The Interdictor

By on September 3, 2005

I just bumped into The Interdictor, a blog written by a guy working for an ISP in downtown New Orleans.

This journal has become the Survival of New Orleans blog. In less perilous times it was simply a blog for me to talk smack and chat with friends. Now this journal exists to share firsthand experience of the disaster and its aftermath with anyone interested.

It looks like he and others have been camped out there since the beginning of Katrina’s rage, dependent on a 750KW generator to keep things running. It’s fascinating reading, a perspective that you will not find on CNN or any others. There are links to photo journals and web cams, tidbits from conversations with others that had been in the SuperDome, and lots more. It’s not unusual to see 500 plus comments on any given post that is put up.

Words fail me.

Gadgetopia

Comments

  1. But if you want to know how to maintain a huge Cummings diesel generator, the comments on Interdictor are priceless – experts from all over the country.

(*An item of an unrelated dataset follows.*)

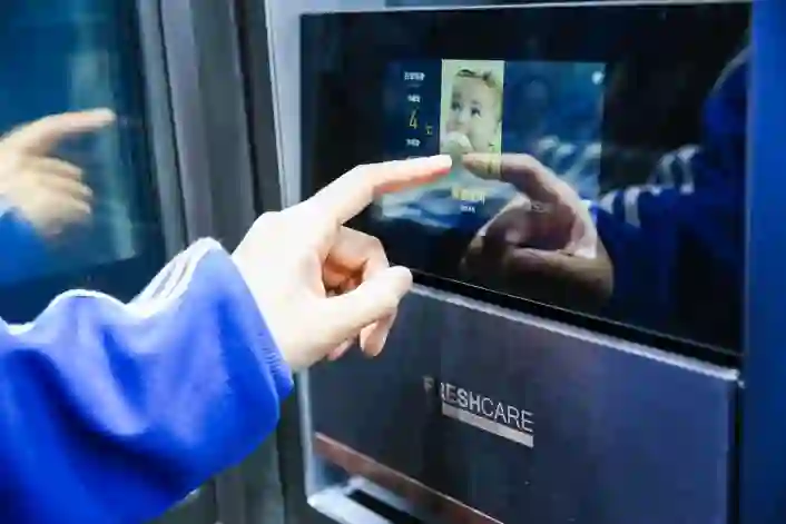 在冷藏空间我们能看到一个有着个性化自定义的存储空间,有保健品、母婴空间、化妆品三种模式,搭配一块7寸屏幕,对空间内的物品进行保质期提醒。

  2. It’s all getting a little tired, now, though. The original allure of the interdictor blog was its seemingly unbiased account of goings-on in NO. But…now it’s obvious they’re playing the parts of “heroes” and the whole thing smacks of good old fashioned american opportunism. How long before the book? Or the tv movie starring wings hauser?

    Not to mention the guy who runs the place talks about his fiance (cyrstal) like she’s a 1950’s housewife/slave. Sheesh.

  3. Tired: They have limited resources and have divided labor. If Crystal doesn’t know how to maintain the generator, or ensure physical security, or maintain servers, then taking care of those “personal care” items is what’s left.

  4. From what I understand, when domain names expire, and the original person who purchased them allows them to – well, the company who hosted it sometimes will buy that domain name. It is neither illegal, nor particularly unethical. That is what I understand is behind a lot of this talk about DirectNic and it’s owners.

  5. I guess. Mass domain naming buying planning on resale is kind of a scam, since they charge a premium on what a registrar would charge. Many of these companies purposely hold domains after expiration (say one day, and they have crappy payment mechanisms that hold things up to their benefit) then send official looking letters allowing you to buy back the domain name for “only” 100$.

    I guess if it was Cameron Diaz, and the site was http://www.camerondiaz.com, people would care and ARIN would smack them down, but since it’s some Zambian school alumni assocation, they could care less.

    And yes, the Interdictor did come across as acting out some survivialist’s wet dream. I did however find them useful for breaking news before I started listening to the police / National Guard scanners.